Я мыслю, следовательно, я существую…

В этом высказывании гениального французского философа XVII веке Рене Декарта в концентрированной форме заложено, пожалуй, все главное, что необходимо для понимания природы человека. Прежде всего некая мысль высказана существом, которое осознает себя как некую индивидуальность и, стало быть, вправе приписать себе собственное «Я». Далее мысль Декарта выражена в словесной форме, то есть существо, которому приписывается высказывание, выступает в качестве носителя языка. Наконец, суждение имеет характер силлогизма, построенного по принципу «если…, то…», и, таким образом, подразумевает способность субъекта к логическому мышлению: «При определенных обстоятельствах следует ожидать того-то и того-то».
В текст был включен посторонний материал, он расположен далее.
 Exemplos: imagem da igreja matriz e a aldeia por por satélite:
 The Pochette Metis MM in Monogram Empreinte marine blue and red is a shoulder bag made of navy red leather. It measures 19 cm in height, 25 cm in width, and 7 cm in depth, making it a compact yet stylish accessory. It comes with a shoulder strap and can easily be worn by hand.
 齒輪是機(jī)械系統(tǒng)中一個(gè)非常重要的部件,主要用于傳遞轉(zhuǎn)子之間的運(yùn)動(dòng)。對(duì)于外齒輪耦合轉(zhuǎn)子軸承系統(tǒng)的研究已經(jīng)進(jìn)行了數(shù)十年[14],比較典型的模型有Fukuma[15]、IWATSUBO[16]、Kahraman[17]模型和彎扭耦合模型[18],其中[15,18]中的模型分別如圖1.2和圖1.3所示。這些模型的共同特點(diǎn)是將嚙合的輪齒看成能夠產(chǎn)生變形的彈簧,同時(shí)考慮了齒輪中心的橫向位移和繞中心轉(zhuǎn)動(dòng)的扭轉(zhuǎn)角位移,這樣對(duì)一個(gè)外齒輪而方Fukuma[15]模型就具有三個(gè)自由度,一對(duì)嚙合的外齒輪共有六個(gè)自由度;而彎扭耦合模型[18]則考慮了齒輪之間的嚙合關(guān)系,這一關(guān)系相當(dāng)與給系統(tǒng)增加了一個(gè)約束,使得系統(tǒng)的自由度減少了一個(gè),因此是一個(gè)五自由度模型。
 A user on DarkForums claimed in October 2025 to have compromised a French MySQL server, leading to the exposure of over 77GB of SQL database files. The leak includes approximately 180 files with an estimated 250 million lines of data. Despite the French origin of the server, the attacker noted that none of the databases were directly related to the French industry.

Отношения в этой триаде: «личность — язык — мышление» завязаны в столь тесный узел, что каждый раз приходится крепко задуматься, за какой же кончик следует потянуть, чтобы внести в проблему необходимую ясность. Любой ход может в случае удачи привести к успеху. Впрочем, давайте на этот раз начнем с мышления.
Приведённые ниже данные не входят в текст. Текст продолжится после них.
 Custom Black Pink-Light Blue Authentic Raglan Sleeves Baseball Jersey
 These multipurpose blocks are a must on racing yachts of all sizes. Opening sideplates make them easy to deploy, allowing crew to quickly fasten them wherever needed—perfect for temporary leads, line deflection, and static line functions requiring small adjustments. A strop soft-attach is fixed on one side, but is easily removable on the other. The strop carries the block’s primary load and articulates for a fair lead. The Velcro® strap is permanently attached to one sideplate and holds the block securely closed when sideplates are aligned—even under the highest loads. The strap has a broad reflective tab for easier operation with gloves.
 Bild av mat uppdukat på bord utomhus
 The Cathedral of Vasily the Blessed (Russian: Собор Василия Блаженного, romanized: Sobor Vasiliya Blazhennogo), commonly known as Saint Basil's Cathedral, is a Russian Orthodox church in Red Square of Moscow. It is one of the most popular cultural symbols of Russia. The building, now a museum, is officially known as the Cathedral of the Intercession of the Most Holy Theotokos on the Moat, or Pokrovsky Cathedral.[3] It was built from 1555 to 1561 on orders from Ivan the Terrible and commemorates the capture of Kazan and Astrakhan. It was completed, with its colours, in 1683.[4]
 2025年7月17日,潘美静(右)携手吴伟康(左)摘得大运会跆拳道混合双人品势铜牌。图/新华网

Существует расхожая фраза: «Животные ведут себя инстинктивно, а человек — разумно». Возможно, в самом общем смысле сказанное в какой-то степени и отвечает истинному положению вещей. Но все же принять этот постулат приходится с великим множеством оговорок. Прежде всего что такое «животные вообще»? Можно ли, скажем, поставить на одну доску пчелу и шимпанзе, приписав им нечто общее. Можно, если характеризовать их в том плане, что у них отсутствуют определенные качества, присущие человеку. Самое главное из таких качеств — это язык и возникающая на его основе членораздельная речь. И того и другого животные, бесспорно, лишены. Что же касается всего остального, то здесь психические отличия «животных вообще» от «людей вообще» могут сводиться лишь к степени, но не к качеству.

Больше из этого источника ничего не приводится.